──────── Recorded data

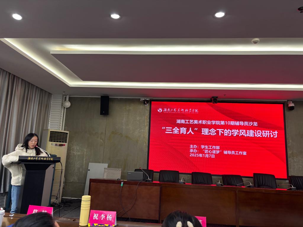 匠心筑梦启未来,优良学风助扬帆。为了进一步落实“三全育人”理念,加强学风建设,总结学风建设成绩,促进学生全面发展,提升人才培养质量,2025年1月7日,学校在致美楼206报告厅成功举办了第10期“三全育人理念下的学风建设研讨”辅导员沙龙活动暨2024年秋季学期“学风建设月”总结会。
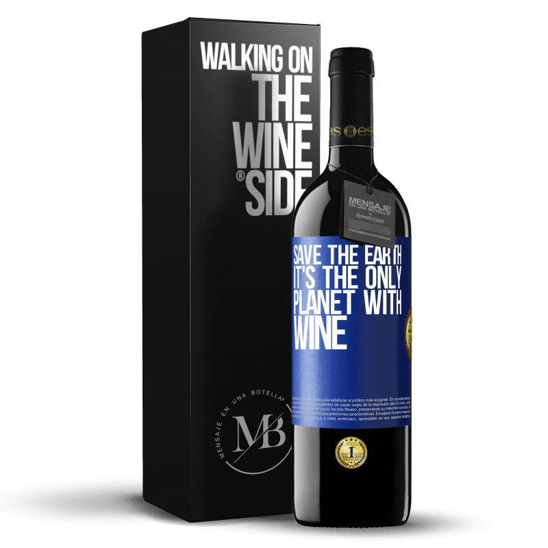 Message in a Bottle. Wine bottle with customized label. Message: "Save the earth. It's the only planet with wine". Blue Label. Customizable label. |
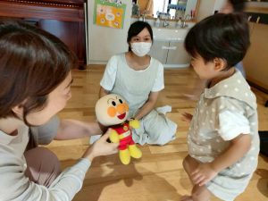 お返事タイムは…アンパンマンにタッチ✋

────────────────

» Work to be completed
Output the listing exactly, pictures excluded.

» Result of this exercise
 匠心筑梦启未来,优良学风助扬帆。为了进一步落实“三全育人”理念,加强学风建设,总结学风建设成绩,促进学生全面发展,提升人才培养质量,2025年1月7日,学校在致美楼206报告厅成功举办了第10期“三全育人理念下的学风建设研讨”辅导员沙龙活动暨2024年秋季学期“学风建设月”总结会。
 Message in a Bottle. Wine bottle with customized label. Message: "Save the earth. It's the only planet with wine". Blue Label. Customizable label. |
 お返事タイムは…アンパンマンにタッチ✋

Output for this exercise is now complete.